It is rare that I find a story that speaks to an issue of which I so identify with. But that is exactly what I found in a story written by Karina Bland titled My So-Called Midlife, in the AZ Republic on Sunday May 1, 2011. In part, this is what she had to say about Insomnia.
“I have found myself lying wide-eyed in bed in the wee hours when everyone else is asleep. Well, not everyone. On Facebook at 3 a.m., I invariably find a female friend about my age who also is awake, sleepily checking her Farmville crops or half-heartly taking the What Famous Literary Charter Are You? quiz, and she’ll be up for a chat. It’s almost 4:30 a.m. and there’s no point in going back to bed. So I read on the Internet that about 59 percent of women ages 35-55 won’t get much sleep during perimenopause, the 4-8 year period leading up to menopause. Researchers say this group of women is more likely to experience insomnia than any other. I say we should all meet for pancakes and coffee.
I don’t have trouble falling asleep. Most nights, I can barely keep my eyes open to read in bed for even 10 minutes before I drift off. But a few hours later, I’m awake. Wide awake! Oh, and I have to pee. So I grope my way to the bathroom with my eyes closed, stumbling over flip-flops on the floor, leaving the light off in hopes of convincing my brain that we’re really NOT ready to get up.

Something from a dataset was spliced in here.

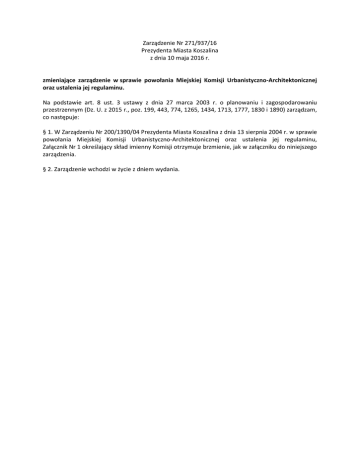 Zarządzenie Nr 271/937/16 Prezydenta Miasta Koszalina z dnia 10 maja 2016 r. zmieniające zarządzenie w sprawie powołania Miejskiej Komisji Urbanistyczno-Architektonicznej oraz ustalenia jej regulaminu. Na podstawie art. 8 ust. 3 ustawy z dnia 27 marca 2003 r. o planowaniu i zagospodarowaniu przestrzennym (Dz. U. z 2015 r., poz. 199, 443, 774, 1265, 1434, 1713, 1777, 1830 i 1890) zarządzam, co następuje: § 1. W Zarządzeniu Nr 200/1390/04 Prezydenta Miasta Koszalina z dnia 13 sierpnia 2004 r. w sprawie powołania Miejskiej Komisji Urbanistyczno-Architektonicznej oraz ustalenia jej regulaminu, Załącznik Nr 1 określający skład imienny Komisji otrzymuje brzmienie, jak w załączniku do niniejszego zarządzenia. § 2. Zarządzenie wchodzi w życie z dniem wydania. Załącznik do Zarządzenia Prezydenta Miasta Koszalina Nr 271/937/16 z dnia 10 maja 2016 r. : ……………………………………………………………………………………........................................................................... Załącznik Nr 1 do Zarządzenia Prezydenta Miasta Koszalina Nr 200/1390/04 z dnia 13 sierpnia 2004 r. Skład imienny Miejskiej Komisji Urbanistyczno-Architektonicznej w Koszalinie Członkowie Komisji: A. Stali: 1) Iwona Stepanow, 2) Marek Perepeczo, 3) Tomasz Samborski, 4) Stanisław Skład, 5) Andrzej Fijałkowski, 6) Barbara Sożyńska-Maciejko, 7) Lidia Zielińska-Lorek, 8) Julian Giedych, 9) Jerzy Mikrzak, 10) Jan Sontowski, 11) Witold Korzyński, 12) Urszula Barańska, 13) Łukasz Adamczyk, 14) Teresa Bryzek, 15) Waldemar Czuszel, 16) Zofia Furman, 17) Bogdan Wojdyło, 18) Marta Pieczątkiewicz. B. Niestali : 1) Jolanta Frankiewicz, 2) Artur Studziński, 3) Bożena Giedych, 4) Ewa Miśkiewicz-Żebrowska. UZASADNIENIE W dniu 13 sierpnia 2004 r. Prezydent Miasta powołał Miejską Komisję UrbanistycznoArchitektoniczną jako organ doradczy i opiniodawczy w sprawach planowania i zagospodarowania przestrzennego, urbanistyki i architektury. Z uwagi na zmiany personalne, jakie zaszły od 2004 r., w instytucjach oraz wydziałach tut. Urzędu, wskazujących osoby na członków Komisji, konieczne jest uaktualnienie jej składu imiennego określonego w załączniku nr 1 do zarządzenia Prezydenta Miasta Koszalina z dnia 13 sierpnia 2004 r. w sprawie powołania Miejskiej Komisji Urbanistyczno-Architektonicznej oraz ustalenia jej regulaminu. Zgodnie z art.8 ust.6 ustawy o planowaniu i zagospodarowaniu przestrzennym organ doradczy (MKUA) składa się z osób o wykształceniu i przygotowaniu fachowym związanym bezpośrednio z teorią i praktyką planowania przestrzennego, w tym co najmniej w połowie z osób rekomendowanych przez branżowe stowarzyszenia i samorządy zawodowe.

But as soon as I climb back in bed, my mind is swirling with things that didn’t get crossed off my to-do list. I look at the glowing red numbers on the alarm clock. It’s 3:12 a.m. Groan. I flop onto my back, close my eyes, willing my arms and legs to be still and sink into the mattress. 3:39, 3:40, 3:41! And then my foot cramps, pulling me up off the pillow, and I throw off the covers and stand pressing my gnarled toes against the cool tile to uncurl them, 3:45, and I’m up! Other nights it’s hot flashes that drive me out of bed, overheated and sweating, and then back under the covers, damp and chilly. My mantra used to be, I’ll sleep when I’m dead, because there were too many fun things to do and places to go. But now, I FEEL dead, and I’m beginning to look it, with my skin taking on a strange pallor in the glow of the refrigerator and dark circles appearing under my eyes. It’s not age giving me these bags; it’s a lack of sleep. I’m going to bed earlier, skipping the 10 p.m. news. But I’m still waking up at odd hours, so rather than lie there and worry, or get frustrated, I’ve started embracing these empty hours.”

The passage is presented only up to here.